For some students, this is your first year at SFU and you’re probably excited (and nervous!) about what the first year will hold. I remember feeling the same way, wondering where my classes would be, what the people who lived in my residence would be like, whether or not I’d be invited to the good parties…normal first year questions! One thing I never thought I would have questions about was consent. I learned in health class in high school how to avoid an unwanted pregnancy and how to prevent STIs, but I never learned how to actually practice consent in any of my sexual experiences. I became painfully aware of this in my first year as I and my peers struggled to navigate new experiences, relationships and boundaries. I’m in my 4th year now and every September I see new students coming in, probably with many of the same questions that I once had about classes and parties, but maybe not even thinking about how consent will affect their experiences at SFU. So here’s 5 things I wish someone had told me about consent before starting university.
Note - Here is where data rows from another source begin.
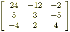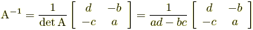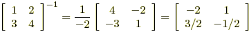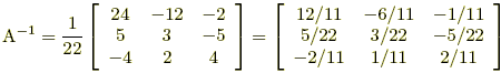 Example: The following steps result in A-1 for . The cofactor matrix for A is , so the adjoint is . Since det A = 22, we get .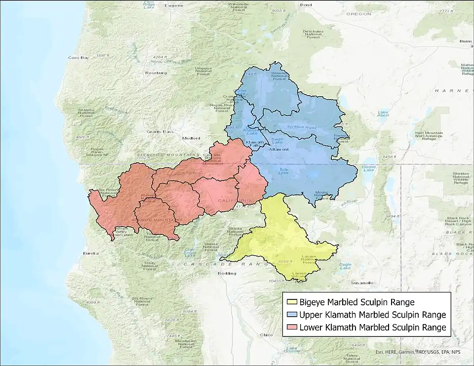 HUC8 watershed-level range map of the three marbled sculpin subspecies. Made by Harrison Morrow using ESRI ArcGIS Pro, based on data from Moyle (2002).
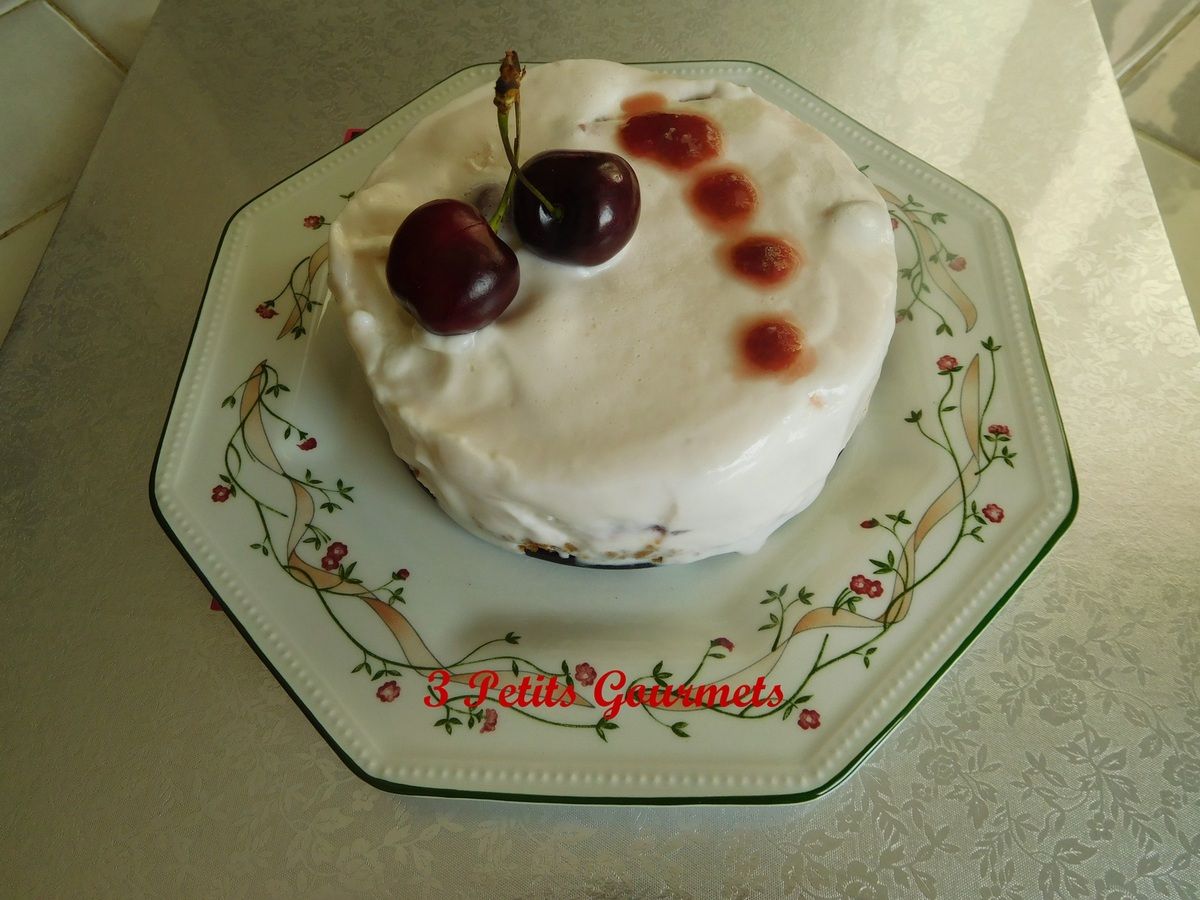 Juste avant de servir, poser chaque cercle sur une assiette à dessert, retirer le papier sulfurisé, les cercles et le rhodoïd. Décorer avec les cerises entières et un peu de coulis de cerises.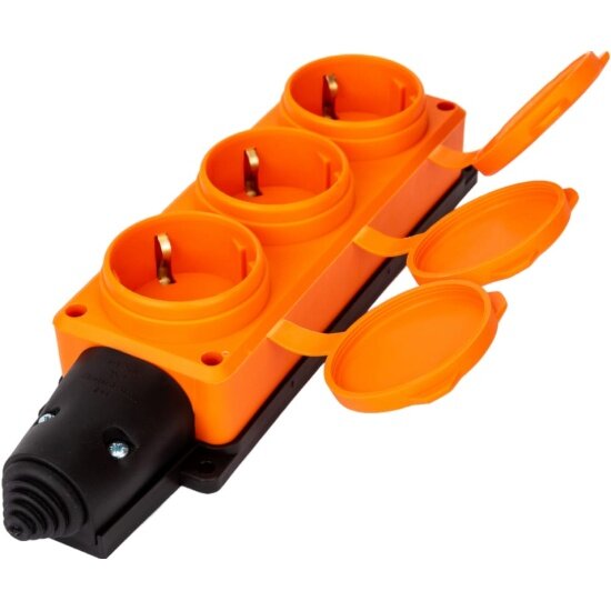 Колодка "UNIVersal" 3-х местная однофазная с заглушками "Компакт" с/з каучук 16А 250В IP44, оранжевая (еврослот)

1. Coercion is Not Consent
This should be simple. Having to get someone drunk so that they’ll sleep with you, or pressuring someone so many times that they give in just so you’ll leave them alone, doesn’t sound very consensual does it? But speaking from experience, it’s not that easy. I thought that as long as I was eventually saying yes I was giving my consent because we’re taught that ‘no means no”- so how could it be anything but consensual if I wasn’t actually saying no? It took a long time for me to understand that I wasn’t saying yes on my own terms and that pressure tactics or other forms of manipulation don’t give you the space to freely and enthusiastically say yes.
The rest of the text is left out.